Some twelve or fifteen brick businesses are to be erected this summer and fall. Several good boarding houses are needed and will probably be built.
In town and in the surrounding country there is lignite coal, potter’s clay and good material for brick. No very large bodies of pine land can now be secured near town, but there are small tracts of good pine and other timber lands out a few miles.
Some facts about Center in 2021
The town was incorporated in 1893; however, the result of this incorporation was dissolved and the city passed a charter in 1901. The city underwent a charter review and adopted a new home rule charter April 7, 1984. The Gulf, Beaumont and Great Northern Railway arrived at Center by 1904. Electrical power was available at Center by 1909. The population was 5,193 at the 2010 U.S. Census.
Some notable people from Center were:
Charlie Bradshaw, a professional football player, who played eleven seasons in the National Football League, mainly for the Pittsburgh Steelers.
Delbert Martin Shofner was an American football wide receiver who played for eleven seasons with the Los Angeles Rams and the New York Giants from 1957-1967. He was a five-time All-Pro player. In 1962, he finished second in receiving touchdowns with 12. Shofner's 1963 receiving yards total of 1,181 was his career-best and the third highest in the NFL that season. Shofner helped lead the Baylor Bears to a 13-7 victory over Tennessee in the 1957 Sugar Bowl and was voted the games' Most Valuable Player.
Wayne Christian is a financial planner from Center who is a member of the Texas Railroad Commission, having won the position in November 8, 2016. He formerly served in the Texas House of Representatives for District 9, which included Jasper, Nacogdoches, Sabine, San Augustine, and Shelby Counties. He is also the former president of the Texas Conservative Coalition.

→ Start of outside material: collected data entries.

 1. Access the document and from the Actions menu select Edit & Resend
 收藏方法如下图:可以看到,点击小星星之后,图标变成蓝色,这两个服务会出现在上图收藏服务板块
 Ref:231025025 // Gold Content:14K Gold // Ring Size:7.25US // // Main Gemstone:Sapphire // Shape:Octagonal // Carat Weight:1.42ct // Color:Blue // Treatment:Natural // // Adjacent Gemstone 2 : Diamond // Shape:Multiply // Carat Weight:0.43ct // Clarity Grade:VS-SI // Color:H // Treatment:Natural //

Charles A. McClelland, Jr. was the police chief of the Houston Police Department (HPD) from 2010 through 2016. Joining the department in May 1977, McClelland worked his way up through the ranks, from rookie to assistant chief in 1998, before being asked to step in as acting chief. A graduate of the University of Houston–Downtown, University of Houston–Clear Lake, and the FBI National Academy, he oversaw the department's implementation of tasers and a real-time crime analysis program.
Dan L. Duncan was an American born in Center, Texas. He was the co-founder, chairman and majority shareholder of Enterprise Products. In 1957, he went to work for Wanda Petroleum, a midstream pipeline company. In 1968, he left Wanda, and with $10,000 and two propane delivery trucks, helped found Enterprise Products Co. In 1998, he took Enterprise Products Partners LP public. In 2010, Enterprise owned over 48,700 miles of onshore and offshore pipelines and nearly 220 million barrel equivalents of natural gas and natural gas liquids of storage capacity. He also headed mid-stream energy firms Duncan Energy Partners LP (NYSE: DEP) and Enterprise GP Holdings LP (NYSE: EPE). In 2007, he received the Petrochemical Heritage Award in recognition of his work. Duncan donated $75 million to Texas Children's Hospital and the Houston Museum of Natural Science, as well as $135 million to Baylor College of Medicine.

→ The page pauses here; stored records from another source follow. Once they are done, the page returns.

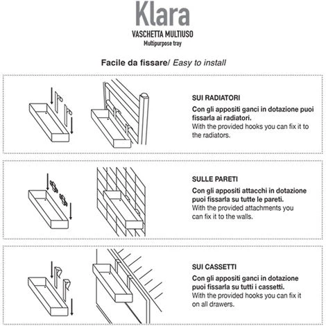 Klara è la nuovissima vaschetta portaoggetti multiuso originale e utilissima. Con gli appositi accessori in dotazione, la puoi applicare sul tuo radiatore, sui cassetti, sulle pareti e nella versione con magneti sulle superfici metalliche.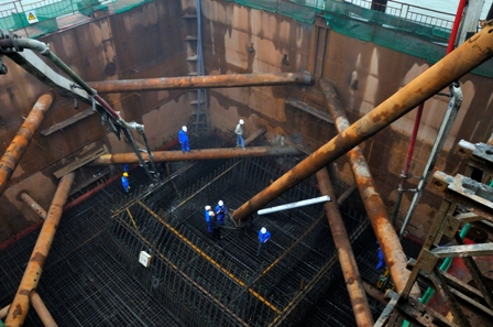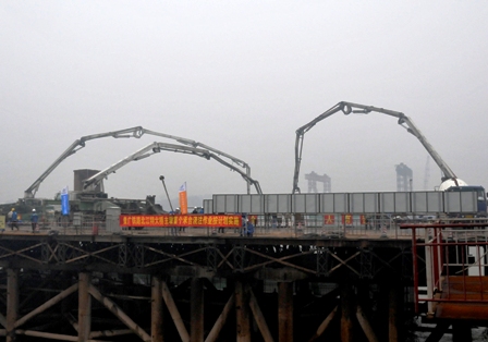 244號主墩承臺長35米,寬17米,高6米,砼方量達3570立方米,單體一次性澆筑方量居四航局之首。面對困難,貴廣三項目部精心組織,多次召開施工動員會和承臺施工技術交底會,認真安排、詳細部署,并組織承臺專項質量安全生產大檢查,確保施工萬無一失。4月18日10時15分,該部兩座攪拌站、四條生產線同時開動全速生產,25臺攪拌車、5個卸料點不間斷下料,高峰下料速度達到每小時160立方米以上。經過一百多名技術人員的持續努力,最終比預計時間縮短8小時順利完成澆筑。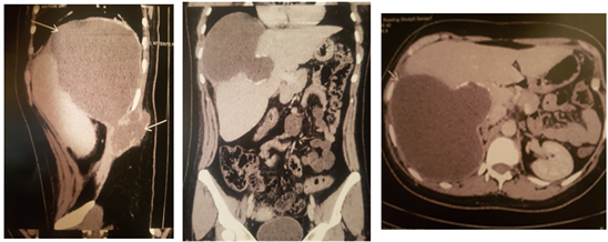 Figure 1. A computed tomography scan (CT) revealed a large cystic liver lesion interesting the right liver extending to involve right lateral chest wall forming a collection in an intermuscular.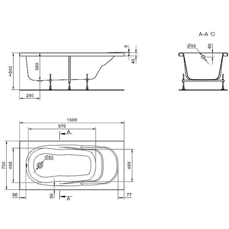 Акриловая ванна Santek Санторини 1WH302494 150х70 без гидромассажа Подробнее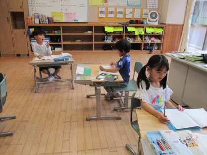 言葉の読み方や書き方を全体で確認した後、一人で取り組んだり、友達と一緒に考えたりしました。「じゃんぐるじむ」「きゅうしょく」「がくしゅう」「きょうかしょ」「じかんわりひょう」「じゃんけん」「しゃとるらん」など、子供たちは学習や生活の身近なものやことから多くの言葉を見つけ、とても楽しそうでした。ノートに正しい表記で書くこともできました。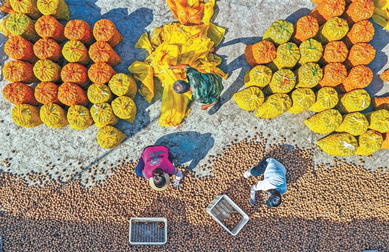 9月8日,河北省遵化市合丰农产品专业合作社的社员,在场院包装晒干的核桃(无人机照片)。新华社发(刘满仓 摄)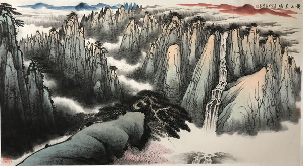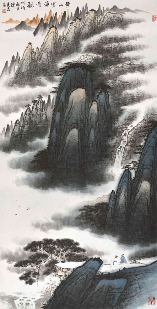 从陈廷友近来专写的黄山图看,他已经走进黄山,初歩建树起具有他个人画貌的水墨黄山艺术。观他的黄山图如梦如幻,正如军旅诗人李中华诗云“奇峰幽壑挂飞泉,溪水淙淙林海喧;墨色蒙蒙烟雾起,云山深处住神仙。”

Bryan Keith Hitt (born January 5, 1954, Center, Texas) is an American rock drummer who is currently drumming for the band REO Speedwagon. Prior to his involvement with REO Speedwagon, Hitt played with Cher, Graham Nash, and The Spencer Davis Group. He also recorded with Nick Gilder, Gary Busey and Wang Chung.
He joined REO's line up in 1989 for the release of album The Earth, a Small Man, His Dog and a Chicken. Since that time Hitt has played on three more studio albums with the group: Building the Bridge (1996), Find Your Own Way Home (2007) and Not So Silent Night...Christmas with REO Speedwagon (2009).